Items from a data source:
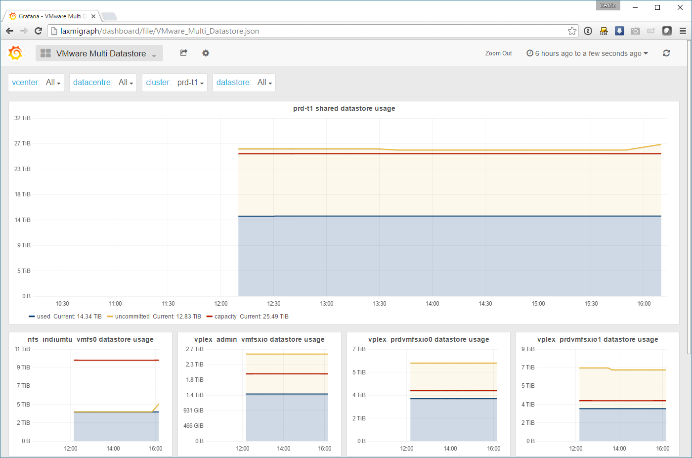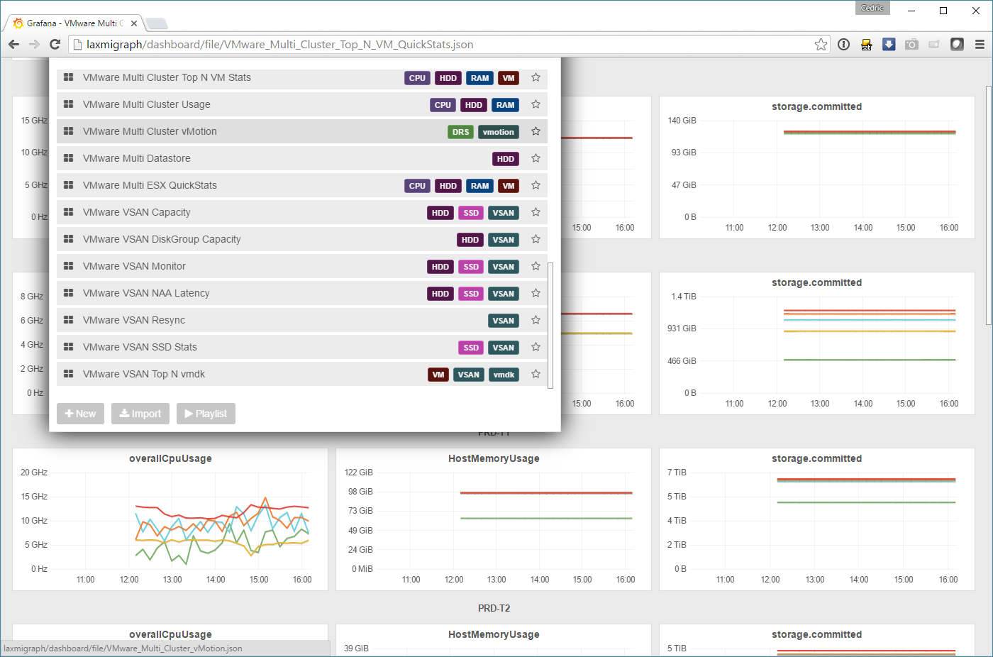 On y trouve en particulier des tableaux de bord de l’activité de chaque cluster, des tableaux de bord plus orientés « forecast », et même des tableaux de bord globaux sur toute l’infra.
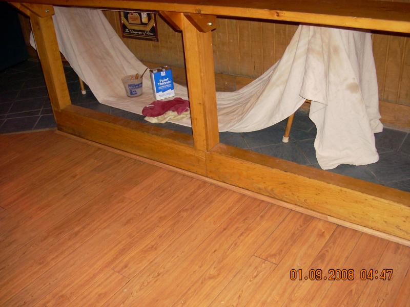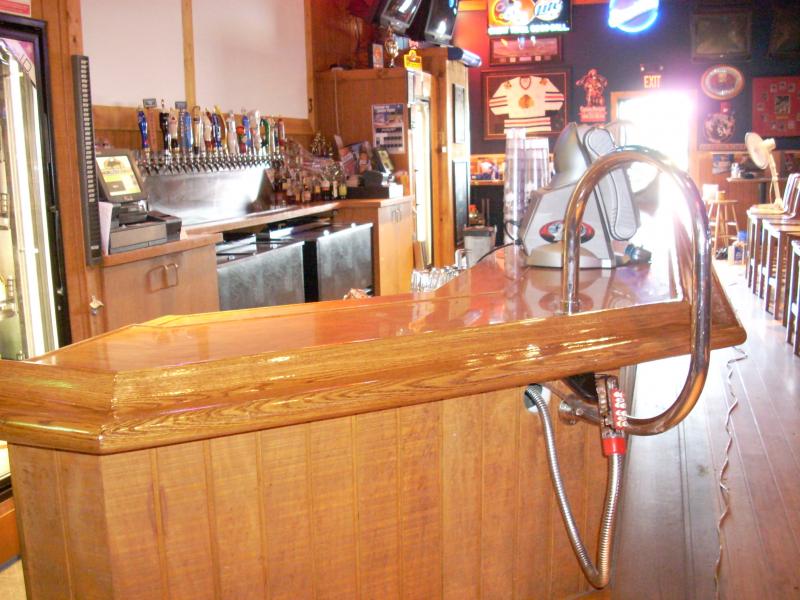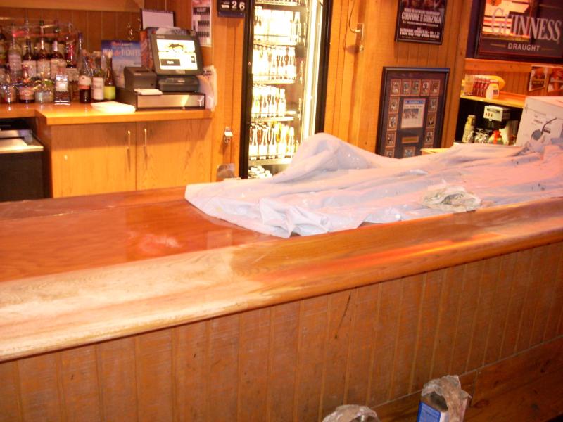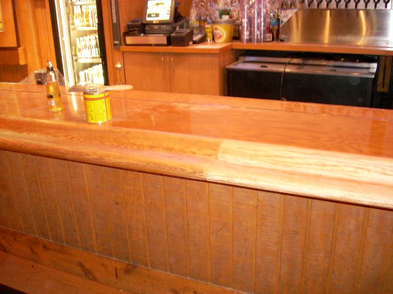 Left side no stain , The right side is in its original shape . It was in a gummy state , The finish had a breakdown and wasn't doing its job . So I was brought in to redo the oak bar ledge and a island that also had a oak ledge . Also added a high gloss top coat to all sill and window ledges .
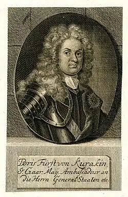 Князь Борис Иванович Куракин (20 [30] июля 1676, Москва — 17 [28] октября 1727, Париж) — сподвижник и свояк Петра Великого[3], первый постоянный посол России за рубежом; действительный тайный советник. Положил начало вековой традиции дипломатической службы в роду Куракиных.
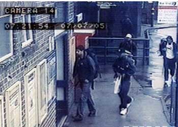 倫敦警察廳16日公布7·7爆炸案嫌疑人錄像,在這張盧頓車站錄像截圖上可看到:哈西卜·侯賽因(左一)、赫爾馬因·林賽(左二黑帽)、穆罕默德·西迪克·汗(白帽)和謝赫扎德·坦維爾在7月7日晨7點(diǎn)21分背包進(jìn)車站,此后四人在國(guó)王十字車站各自走上不歸路
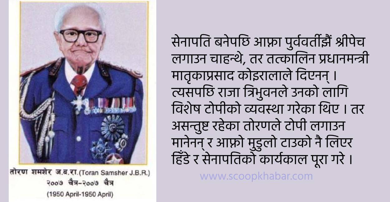 त्यसपछि राजा त्रिभुवनले उनको लागि विशेष टोपीको व्यवस्था गरेका थिए । तर असन्तुष्ट रहेका तोरणले टोपी लगाउन मानेनन् र आफ्नो मुडुलो टाउको नै लिएर हिँडे र सेनापतिको कार्यकाल पूरा गरे ।
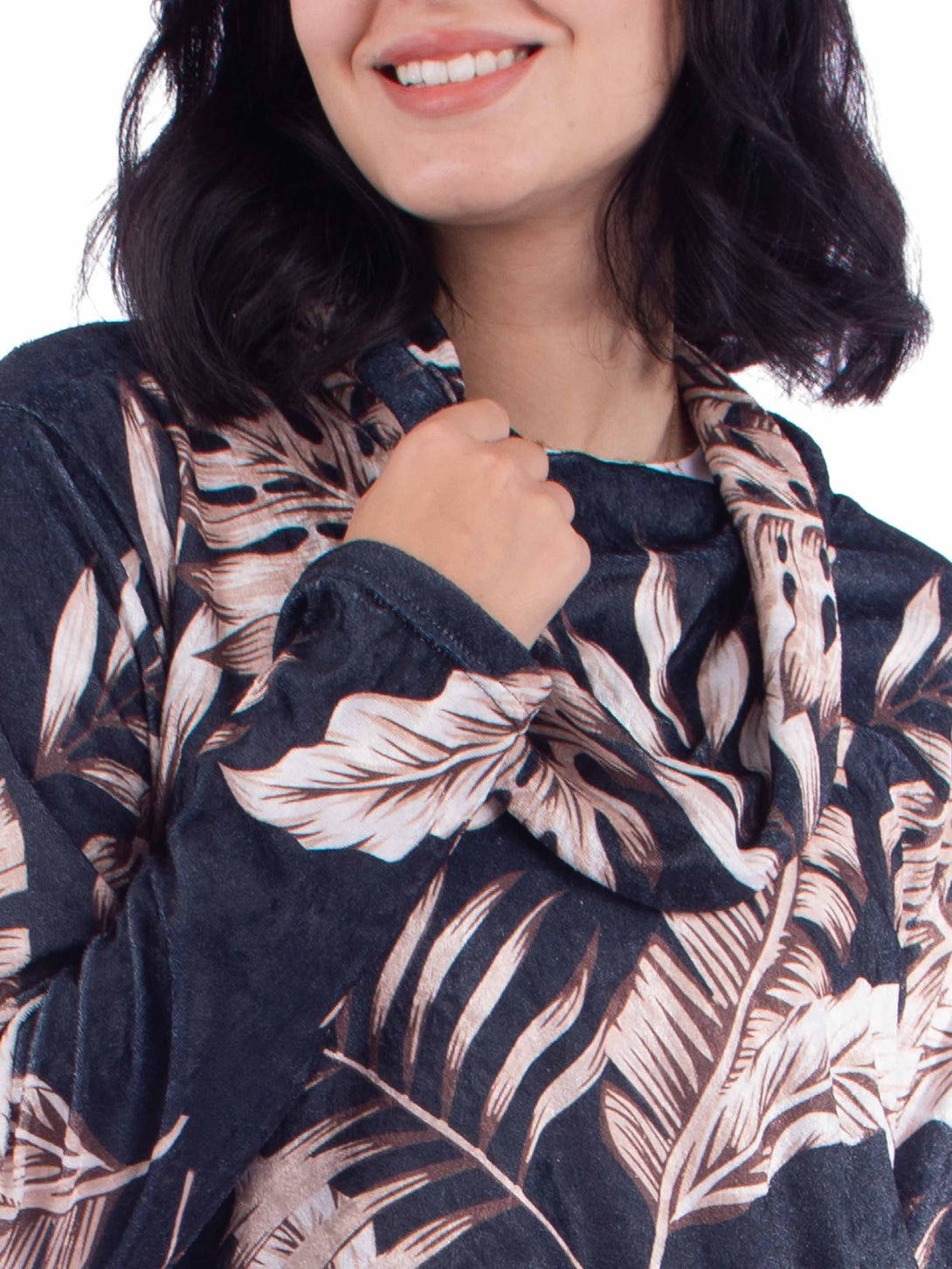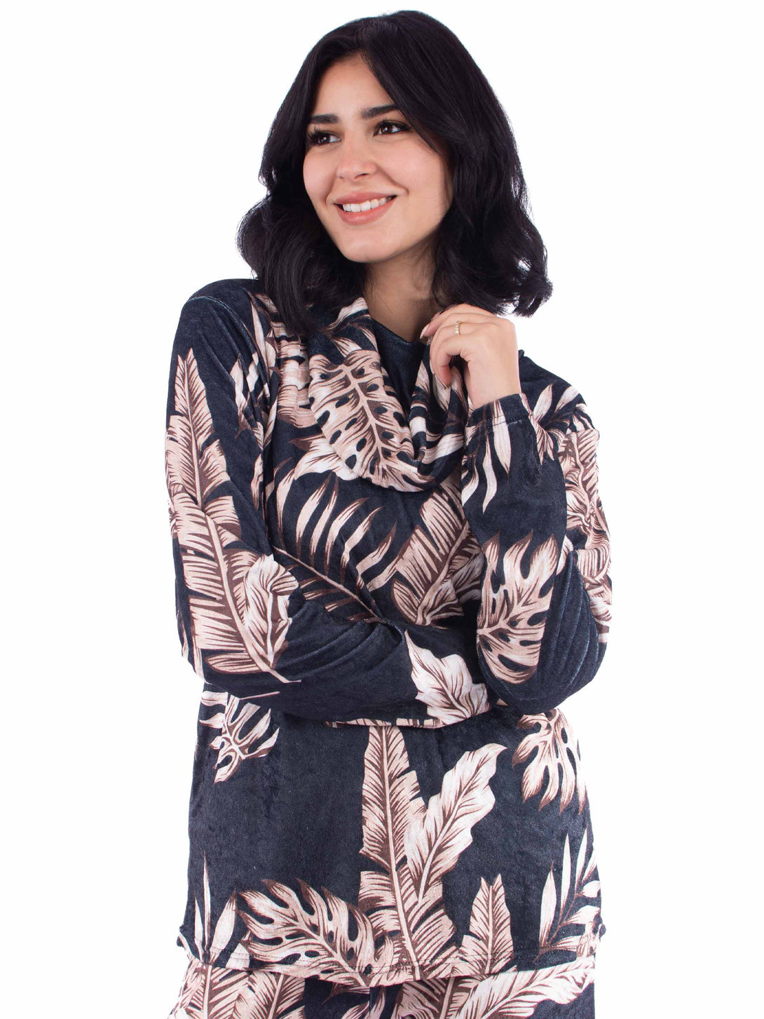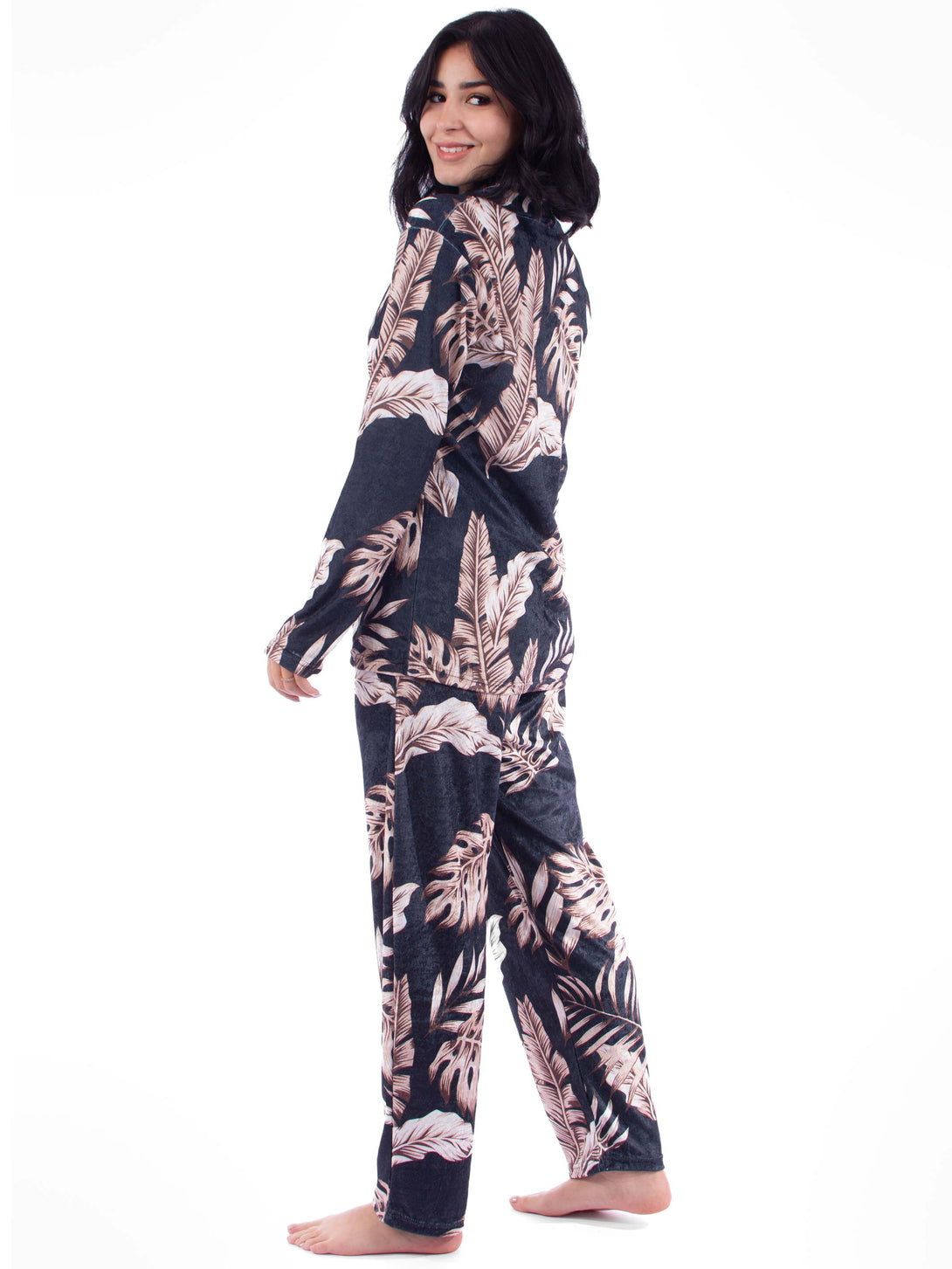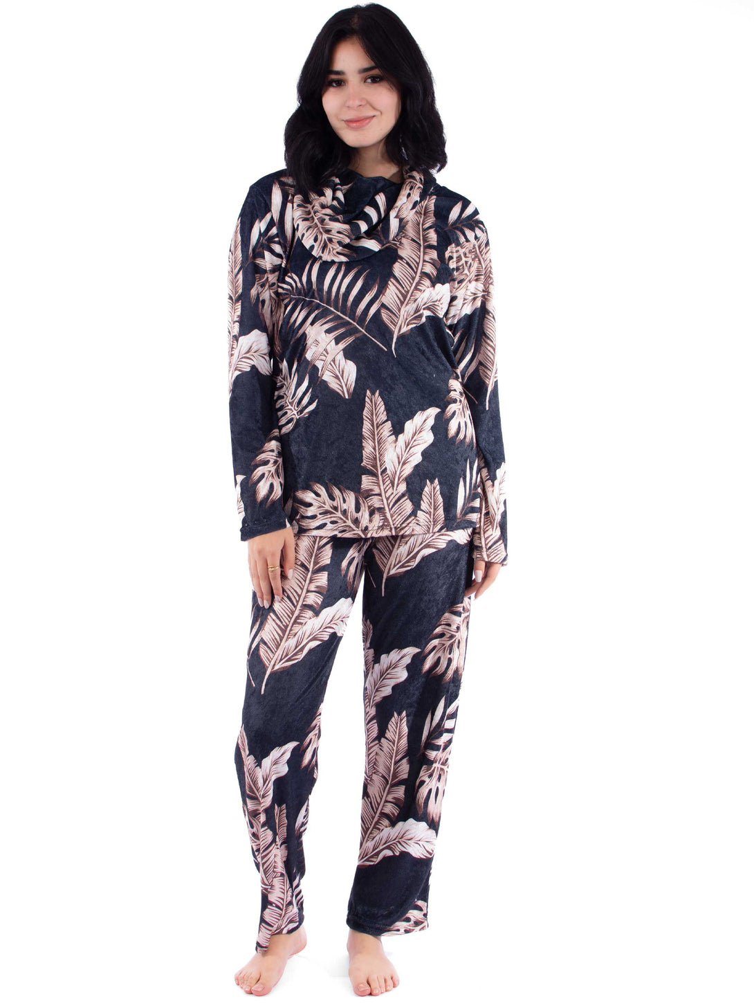 Printed velvet Pyjama set, Long sleeve with high-collar, straight legs Pants with an elasticated waist.

Task prompt:
Each line above must be repeated exactly in the answer, with pictures omitted.

Answer box:
 On y trouve en particulier des tableaux de bord de l’activité de chaque cluster, des tableaux de bord plus orientés « forecast », et même des tableaux de bord globaux sur toute l’infra.
 Left side no stain , The right side is in its original shape . It was in a gummy state , The finish had a breakdown and wasn't doing its job . So I was brought in to redo the oak bar ledge and a island that also had a oak ledge . Also added a high gloss top coat to all sill and window ledges .
 Князь Борис Иванович Куракин (20 [30] июля 1676, Москва — 17 [28] октября 1727, Париж) — сподвижник и свояк Петра Великого[3], первый постоянный посол России за рубежом; действительный тайный советник. Положил начало вековой традиции дипломатической службы в роду Куракиных.
 倫敦警察廳16日公布7·7爆炸案嫌疑人錄像,在這張盧頓車站錄像截圖上可看到:哈西卜·侯賽因(左一)、赫爾馬因·林賽(左二黑帽)、穆罕默德·西迪克·汗(白帽)和謝赫扎德·坦維爾在7月7日晨7點(diǎn)21分背包進(jìn)車站,此后四人在國(guó)王十字車站各自走上不歸路
 त्यसपछि राजा त्रिभुवनले उनको लागि विशेष टोपीको व्यवस्था गरेका थिए । तर असन्तुष्ट रहेका तोरणले टोपी लगाउन मानेनन् र आफ्नो मुडुलो टाउको नै लिएर हिँडे र सेनापतिको कार्यकाल पूरा गरे ।
 Printed velvet Pyjama set, Long sleeve with high-collar, straight legs Pants with an elasticated waist.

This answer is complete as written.